En concreto, el fiscal jefe del Supremo, Luis Navajas, afirmó en su informe sobre el caso que los indicios de prevaricación “no son lo suficientemente consistentes ni aportan un nivel suficiente de solidez” mientras que el presunto delito de cohecho impropio habría prescrito, tesis que ahora hace suya la Sala de lo Penal en un auto del que ha sido ponente el magistrado Miguel Colmenero.

Para el Tribunal, “aunque pueda considerarse” que existen “indicios de que se ha dispensado un trato de favor al aforado y ello pudiera merecer otro tipo de consideraciones ajenas al Derecho Penal”, no hay “indicios consistentes de que existiera un acuerdo previo o simultáneo” de Pablo Casado con los responsables del máster “para que tal trato le fuera dispensado”, condición necesaria para entender que ha prevaricado.

Tampoco considera acreditado que Casado “haya realizado ningún acto de aportación relevante al mismo que pueda valorarse como cooperación necesaria u otra participación de menor intensidad, a un presunto de delito de prevaricación” y por eso, entiende que no está justificado abrir una causa penal para investigarlo.

En esta línea, la Sala no encuentra “indicativos de la comisión de una conducta delictiva” en Pablo Casado, ni “indicio de un acuerdo previo” con los organizadores del máster en ninguno de los hechos que le trasladó la instructora del ‘caso máster’, Carmen Rodríguez-Medel, desde el Juzgado de Instrucción número 51 de Madrid.

De hecho, no ve indicios delictivos en el proceso de matriculación, en el uso del título, que sería “irrelevante penalmente” por haberse realizado después de la supuesta prevaricación; ni en la convalidación de 40 créditos que se aplicó al aforado, porque “puede deberse a un, cuando menos, irregular comportamiento de los responsables del máster”.

EL COHECHO, PRESCRITO

Tampoco ve que haya indicios de ese acuerdo prevaricador por el hecho de que Casado se titulase sin ir a clase, pues “no se pasaba lista y en una asignatura puntuaba sólo con un 10%”. “Si bien no consta que cumpliese con el otro 90%”, dice el Supremo, esto son “actuaciones imputables al responsable de su valoración, sin que el hecho de que el alumno se beneficie indique de forma suficientemente consistente que ha existido un acuerdo previo ilegítimo con el profesor”.

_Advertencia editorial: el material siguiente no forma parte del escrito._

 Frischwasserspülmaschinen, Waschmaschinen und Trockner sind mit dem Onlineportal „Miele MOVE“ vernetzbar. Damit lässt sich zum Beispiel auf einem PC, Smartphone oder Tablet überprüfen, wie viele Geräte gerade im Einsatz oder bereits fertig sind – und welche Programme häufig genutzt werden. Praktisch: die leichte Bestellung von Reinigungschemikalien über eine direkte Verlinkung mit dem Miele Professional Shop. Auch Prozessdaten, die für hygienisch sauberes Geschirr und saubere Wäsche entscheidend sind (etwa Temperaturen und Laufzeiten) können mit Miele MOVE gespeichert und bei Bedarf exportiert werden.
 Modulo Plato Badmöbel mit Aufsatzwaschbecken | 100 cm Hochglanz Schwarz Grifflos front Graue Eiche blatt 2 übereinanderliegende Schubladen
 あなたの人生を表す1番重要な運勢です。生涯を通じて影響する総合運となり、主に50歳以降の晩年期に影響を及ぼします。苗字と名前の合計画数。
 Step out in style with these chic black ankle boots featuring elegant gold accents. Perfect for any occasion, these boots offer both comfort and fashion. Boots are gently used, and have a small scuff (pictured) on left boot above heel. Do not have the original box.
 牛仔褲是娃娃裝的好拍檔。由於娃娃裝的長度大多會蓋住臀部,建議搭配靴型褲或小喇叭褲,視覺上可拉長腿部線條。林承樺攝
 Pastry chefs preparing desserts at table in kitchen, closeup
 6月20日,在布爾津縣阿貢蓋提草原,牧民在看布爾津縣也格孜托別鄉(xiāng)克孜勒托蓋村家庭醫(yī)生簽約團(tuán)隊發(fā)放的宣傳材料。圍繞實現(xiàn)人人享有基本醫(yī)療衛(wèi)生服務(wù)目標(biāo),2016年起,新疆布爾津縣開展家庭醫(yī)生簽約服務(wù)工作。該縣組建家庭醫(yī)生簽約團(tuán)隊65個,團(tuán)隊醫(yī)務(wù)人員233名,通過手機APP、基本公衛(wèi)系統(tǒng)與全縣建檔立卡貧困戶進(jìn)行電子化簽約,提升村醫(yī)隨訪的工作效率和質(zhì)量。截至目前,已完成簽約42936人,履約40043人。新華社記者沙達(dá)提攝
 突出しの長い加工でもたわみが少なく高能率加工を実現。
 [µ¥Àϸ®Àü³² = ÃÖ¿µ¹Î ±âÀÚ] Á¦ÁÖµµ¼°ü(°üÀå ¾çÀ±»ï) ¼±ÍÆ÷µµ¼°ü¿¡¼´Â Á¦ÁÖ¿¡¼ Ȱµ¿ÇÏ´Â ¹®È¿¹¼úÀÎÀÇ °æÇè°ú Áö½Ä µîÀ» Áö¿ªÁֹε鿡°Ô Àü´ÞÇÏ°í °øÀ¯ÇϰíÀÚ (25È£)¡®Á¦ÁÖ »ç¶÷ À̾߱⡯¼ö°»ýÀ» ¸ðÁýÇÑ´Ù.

En cuanto al posible delito de cohecho impropio que apuntaba la jueza instructora, el Supremo explica que para que concurra este tipo penal “deberá existir alguna vinculación apreciable entre el regalo que se dice recibido”, es decir, el título de máster, y la función de Pablo Casado como diputado en la Asamblea de Madrid, descartando su papel como presidente de Nuevas Generaciones porque no sería en todo caso un cargo público.

Más allá de este apunte, la Sala de lo Penal no entra en el análisis de este posible delito porque la única forma de que no estuviera prescrito es que fuese de la mano con el delito de prevaricación y este, para los magistrados, ha quedado descartado por falta de consistencia en los indicios presentados por la instructora, que investiga al Instituto de Derecho Público de la Universidad Rey Juan Carlos de Madrid donde se ofrecía este máster así como a otros titulados en el mismo.